O campeonato em 1975 foi disputado em turno e returno. O Grêmio havia vencido todos os jogos e na final, diante do Palmeiras, o jogo ficou no 0x0, mas não manchou a grande atuação da equipe. Recorda ainda, que “durante o jogo com o Palmeiras, o Cel. Gouveia não estava no estádio, mas sim do lado de fora dando voltas com o carro e ficava perguntando pelo rádio o resultado. No término da partida, nos encontrou no vestiário numa alegria só”.

Um dos destaques daquele time, o meio-campista Aristides, recorda do tempo que jogou no Grêmio. “Defendi o time dois anos antes mesmo de ingressar na polícia. Aquela equipe era excelente, com bons jogadores. A amizade prevalecia dentro e fora do campo. E permanece até hoje nos nossos reencontros em nossa sede”.

Gremio 171963: o Grêmio empata com o Tamoio por 6 x 6, no campo da Usina. O time que jogou: Ceribelli, Rubão, Ditinho, Pita, Martins, Rozan e Braga; agachados: Agostinho, Itamar, Pedro Rizzo, Tenente Wladimir e Laerte Rossi

Outro jogador que participou daquela campanha foi Carlos Antônio Rosa, o Pita. Apesar de estatura baixa (1,66), era zagueiro e possuía grande impulsão. “Eu tinha a facilidade de jogar em qualquer posição na zaga. Fui até lateral esquerdo em algumas partidas”. Além de baixo, Pita tinha um vigor físico invejável. Era difícil passar pelo baixinho. “Quando a bola passava pela nossa zaga, eu ficava na sobra e chegava junto ao atacante adversário”.

UMA MULHER À FRENTE DO GRÊMIO DA POLÍCIA MILITAR

Passados os anos dourados do Grêmio com seu belo futebol e conquistas, chega o momento em que a agremiação toma outro rumo em sua vida.

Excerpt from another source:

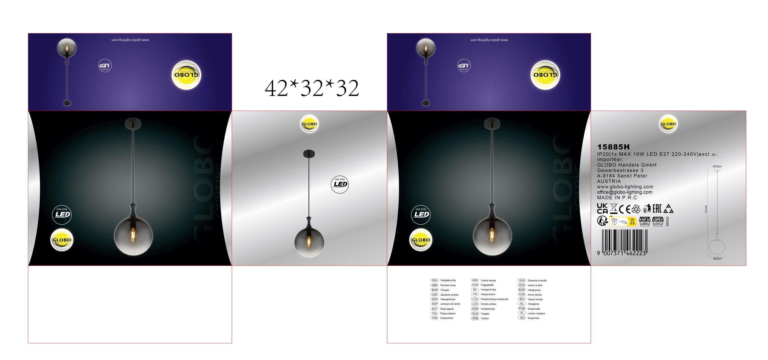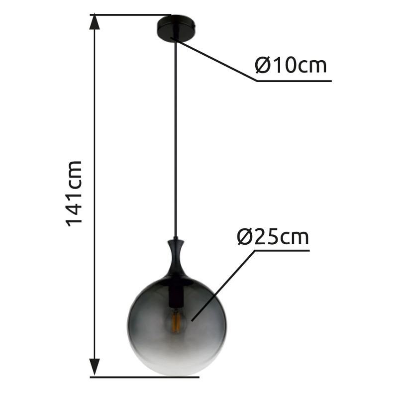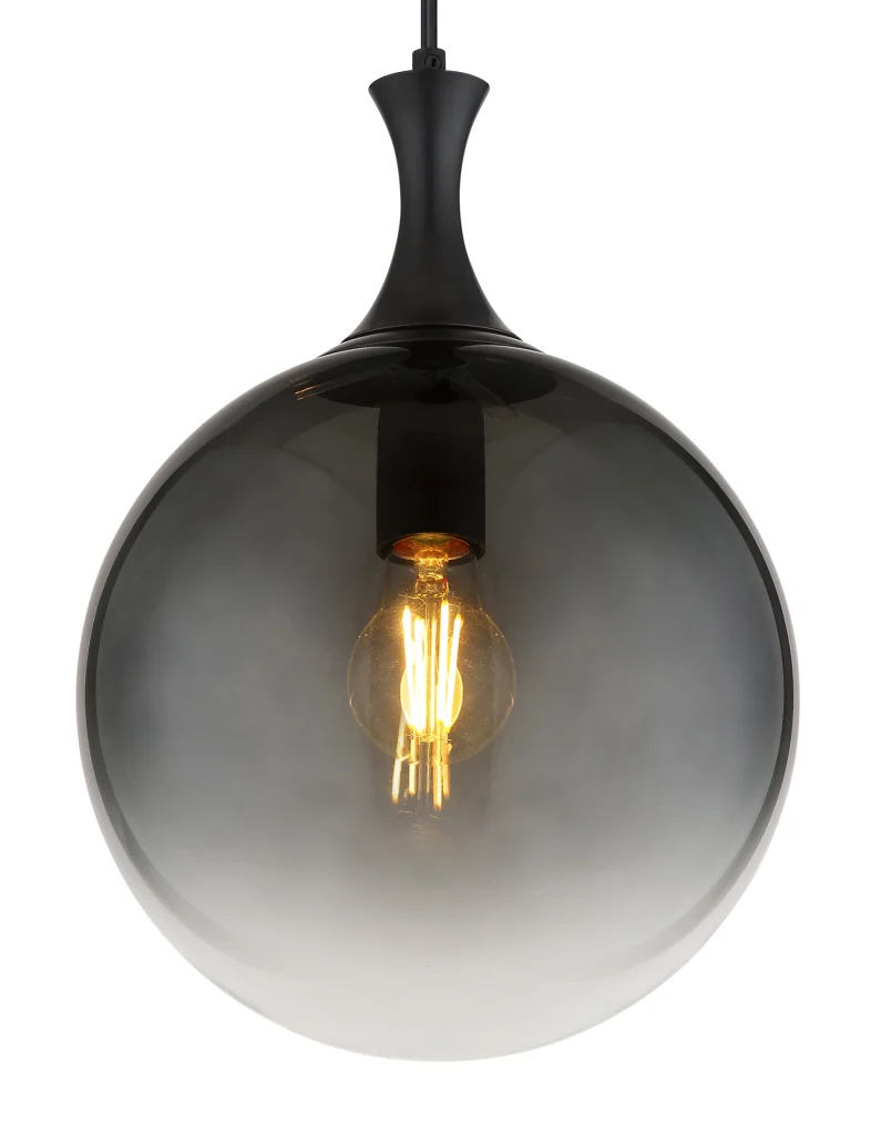 Viseća lampa DALTON sa elegantnom staklenom kuglom dimljenog izgleda i crnim, mat metalnim kućištem je stilski dodatak modernim sobama. Pogodna je za E27 LED sijalice (ekskluzivno).
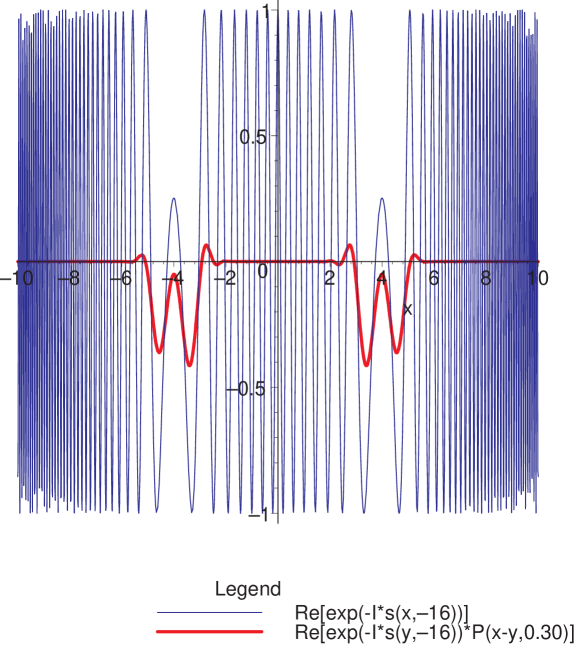The graphs below show the behavior of the partition function. In the leftmost one, the oscillatory behavior can be clearly seen and, in the rightmost one, the same behavior is shown (for a fixed , in blue/dark grey) together with the mollified version of the partition function (in red).

Gremio 23Sargento Ceres, na Sala de Troféus Rui Julio, sede da ADPM, antigo Grêmio

Com receio de no futuro o clube não ter mais condições de arcar com seus custos, os militares que constituíam seu corpo administrativo decidiram fundar em 06/01/1980, a ADPM (Associação Desportiva da Polícia Militar), liderada pelo agora Cel. Joaquim José Maurino Rodrigues, se livrando dos impostos pagos à Prefeitura Municipal.

Rodrigues, contando com o apoio dos colegas e diretores, fez uma brilhante gestão com duração de seis anos;  depois foi a vez de Edmilson assumir a função, também notável em sua administração Lá ficou por quase 20 anos. Colocada em votação, a diretoria pautou em acabar com o time de futebol amador numa época em que o esporte também entrava em um processo decadente.

Gremio 24Carlos Roberto Marques (Pezinho), quando presidente da Associação de Cabos eSoldados, ao lado do inseparável amigo Pita, um dos craques do Grêmio no passado

Hoje, a Associação é presidida pela Sargento Ceres Franco, que está no poder desde 2006, sempre interessada em conhecer e mostrar a gloriosa trajetória do antigo Grêmio. Em uma sala espaçosa, foi criada a “Sala de Troféus Rui Julio”, em homenagem ao maior atleta que a ADPM já teve.

“A associação escolheu um nome extraordinário para homenagear. Rui Julio sempre será lembrado com carinho pelas conquistas e pela pessoa que foi em Araraquara”, declara Ceres Franco.

Atualmente, a sede conta com ginásio de esportes, dois minicampos, sala de ginástica, sala de jogos, áreas de lazer, piscinas e sauna. “Infelizmente não temos a presença de tantos militares neste nosso espaço. Nos finais de semana, aposentados e várias famílias se reúnem para jogar bola e logo em seguida, um churrasco para se confraternizarem. Há presença de alguns civis que pagam a mensalidade da associação também”, conta Ceres.

Gremio 18Cel. Gouveia, Dr. Lofredo Júnior (Promotor Público), Itamar, Camargo, Lourival, Adauto, Rozan (preparador de goleiros), Beiço e Ceribelli; Nene Pereira, Fulgêncio, Adilson, Nego e Pita

Na verdade, o futebol sempre será reverenciado pelos craques e mitos que fizeram a alegria e a imaginação do araraquarense. Que isso se perpetue e a saudade fique em nós, recordando aquilo que vimos e que o imaginário possa nos arremeter àquele tempo bom, que, infelizmente, não voltará nunca mais.